The goal of this study is to assess an HFA test based on a Bayesian active (BA) learning algorithm (Schlittenlacher et al., 2018) and to compare it to (a) the standard HFA (SA) performed with the audiometer, and (b) an HFA test based on an alternative forced choice (AFC) procedure (Ewert, 2013). BA tests enjoy increasing popularity in the hearing research community and further variants for assessing the audiogram up to 8 kHz have been proposed (Cox & De Vries, 2021; Heisey et al., 2018; Song et al., 2015). There are two aspects that we want to investigate: (i) the test–retest reliability for each of BA, AFC, and SA in the frequency range between 8 and 16 kHz, and (ii) to compare the differences in the hearing threshold estimates across all three tests. According to previous studies, the variability of the pure tone audiometry (PTA) tends to increase for the high frequencies. The error stays, however, within ±10 dB for more than 90% of the population for each frequency tested (Frank, 2001; Schmuziger et al., 2004). Studies in children (aged 4–13 years old) showed similar results (Beahan et al., 2012).
The advantage of an automated test (e.g. BA or AFC) over a test requiring an additional operator is that the test progresses automatically based on the input from the participant. Nonautomated tests such as SA depend on an additional operator to modify the relevant parameters. The screening procedure in a clinic could, therefore, be optimized to free time for additional care of the participant. Another advantage of the BA over AFC or SA is the increased ability of BA to capture potential details of the audiogram.

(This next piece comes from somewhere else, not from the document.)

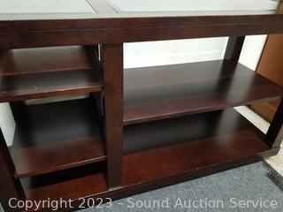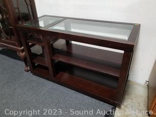 Lot #0030: Beveled Glass Top Dark Finish Hall/Media Console
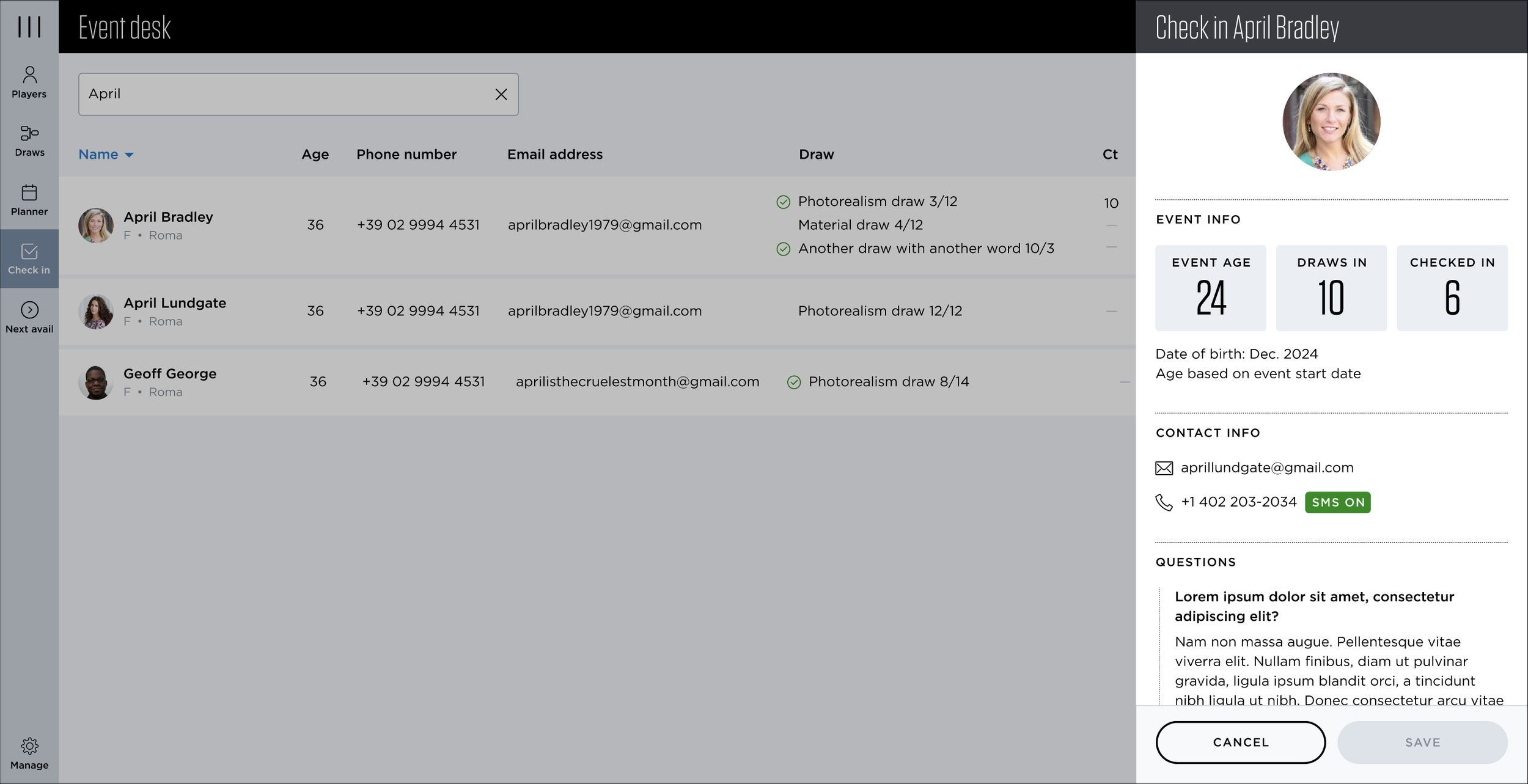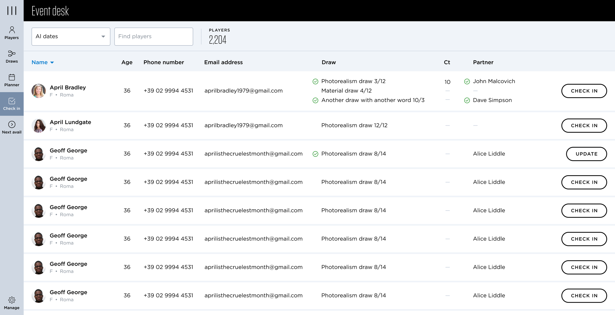 Setting up the Event desk (which is what we came to call it) had its own set of challenges, as we had to account for different scoring formats and game types in order to be able to accurately report back to the main platform and to the players at each tournament.

An evaluation of discrete frequencies is not sensitive to variations in between two frequencies. The BA selects the frequency increment based on an information criterion which increases the sensitivity to variability in narrow frequency intervals. In principle, AFC and SA could provide similar information, but at the cost of increased measurement time. Based on the underlying criterion to reduce uncertainty, the result of this test could then provide an, in principle, continuous and optimal estimate of the audiometric threshold within any selected frequency interval.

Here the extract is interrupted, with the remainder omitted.